The last step is to generate new cuts with the backward pass. For each period t and scenario s, problem (4) is solved for each possible value of \(\xi _{t}\), using the stored decisions in the forward pass step from previous period \(\bar{x}^{k,s}_{t-1}\). The dual variable \(\pi _t\) of equation 4b) is used to define gradient \({\bar{\pi }}_t=E[\pi _t]\), and to generate \(N\) new cuts (for each scenario s in period \(t{-}1\)) by defining \(G_{t}^{k,s}=-{\bar{\pi }}_t^{\top } B_t\) and \(g_{t}^{k,s}={\bar{Q}}_t({\bar{x}}^{k,s}_{t-1},\xi _{t})\). This procedure is done moving backwards in time.

figure a

The curse of dimensionality is not only avoided by approximating the value of \({\mathbb {E}}[Q_{t+1}(x_{t},\xi _{t+1})]\), but also by sampling instead of generating every possible value of the stochastic process. With respect to the efficiency of the SDDP, Shapiro (2011) concludes that, even though convergence is not guaranteed within a reasonable time, the method generally gives high-quality solutions.
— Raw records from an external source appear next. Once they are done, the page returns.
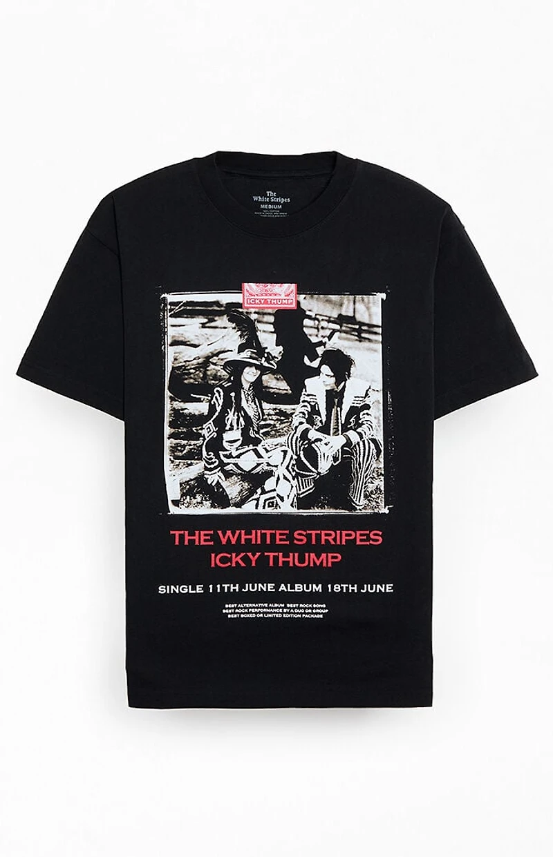 The White Stripes Icky Thump T-Shirt brings iconic garage-rock style with bold, statement-making graphics. It features short sleeves, a crew neckline, and a striking Icky Thump graphic on the front.
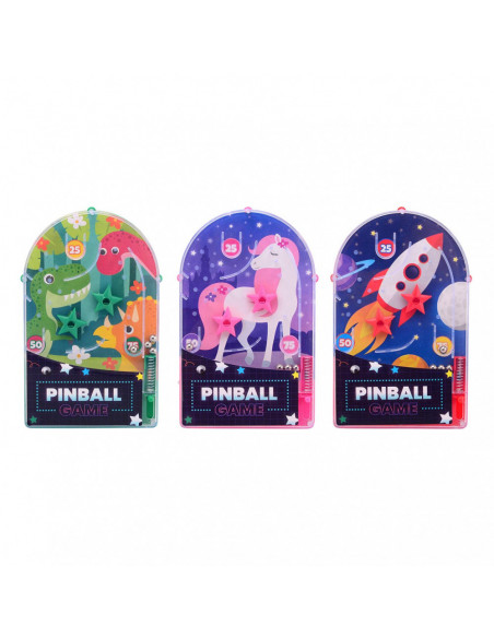 Flipperspelletje van Johntoy met dino-, eenhoorn- en ruimtethema. Afmetingen: 15,0 x 2,0 x 28,0 centimeter. Niet geschikt voor kinderen onder de 3 jaar oud.
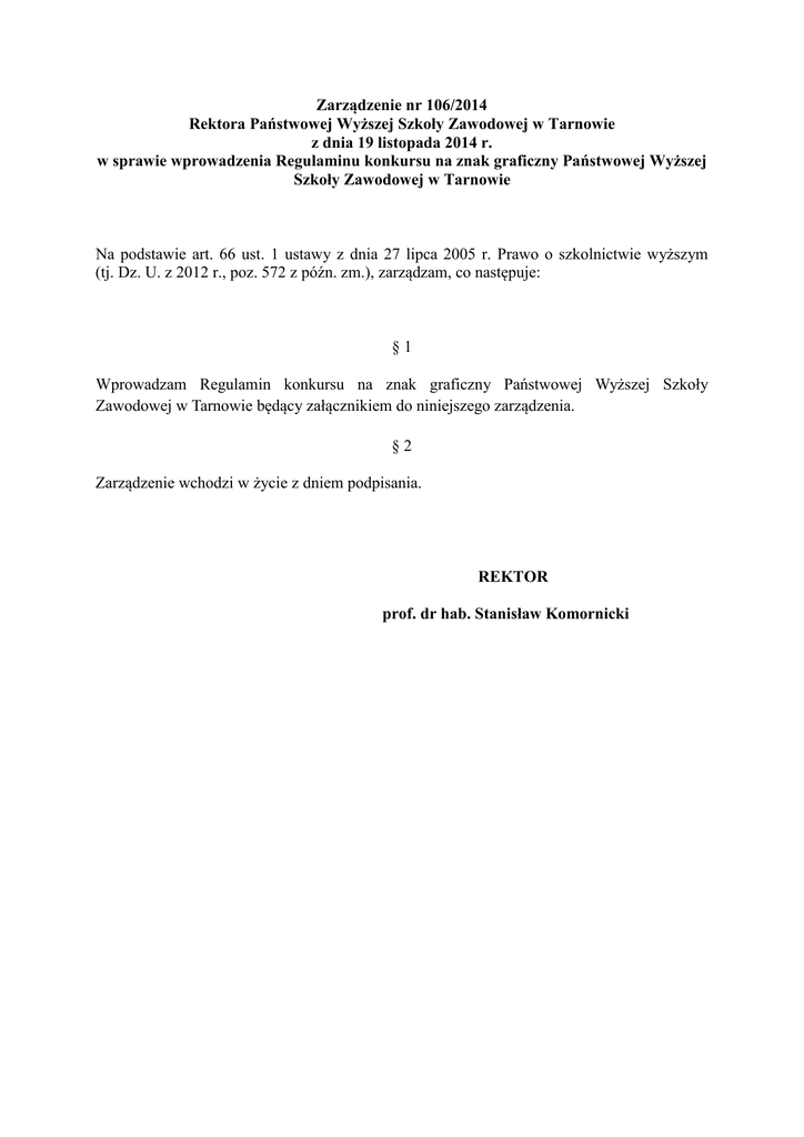 Zarządzenie nr 106/2014 Rektora Państwowej Wyższej Szkoły
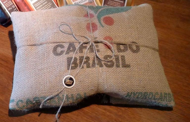 Das Ganze nett als Kaffeepaket in einen Original Kaffeesack eingeschnürt!
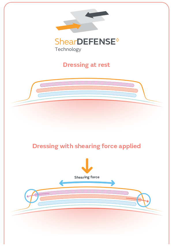 Absorbs shear forces and reduces soft tissue strain to minimise the risk of pressure injuries
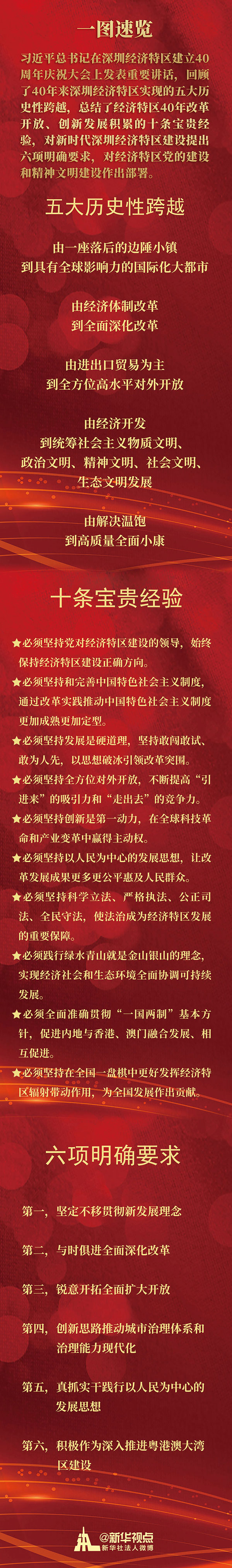习近平总书记在深圳经济特区建立40周年庆祝大会上发表重要讲话,回顾了40年来深圳经济特区实现的五大历史性跨越,总结了经济特区40年改革开放、创新发展积累的十条宝贵经验,对新时代深圳经济特区建设提出六项明确要求,对经济特区党的建设和精神文明建设作出部署。

The SDDP, as designed initially by Pereira and Pinto (1991), can be applied to value functions Q that are convex for each variable (for minimization problems). Thus, models maximizing the mean utility function, which is concave with respect to asset positions, could be solved using the SDDP method. Furthermore, Downward et al. (2020) develop an extension of SDDP to cope with cases where the value function is concave (for minimization problems) with respect to some variables. This could be the case for economic problems maximizing revenues; stochastic prices are multiplied by quantity variables, making the value function convex in the quantities but concave in the prices. For this type of problems, Downward et al. (2020) implement an idea developed in Baucke et al. (2017) to bound non-convex value functions, which is incorporated into the sddp.jl package.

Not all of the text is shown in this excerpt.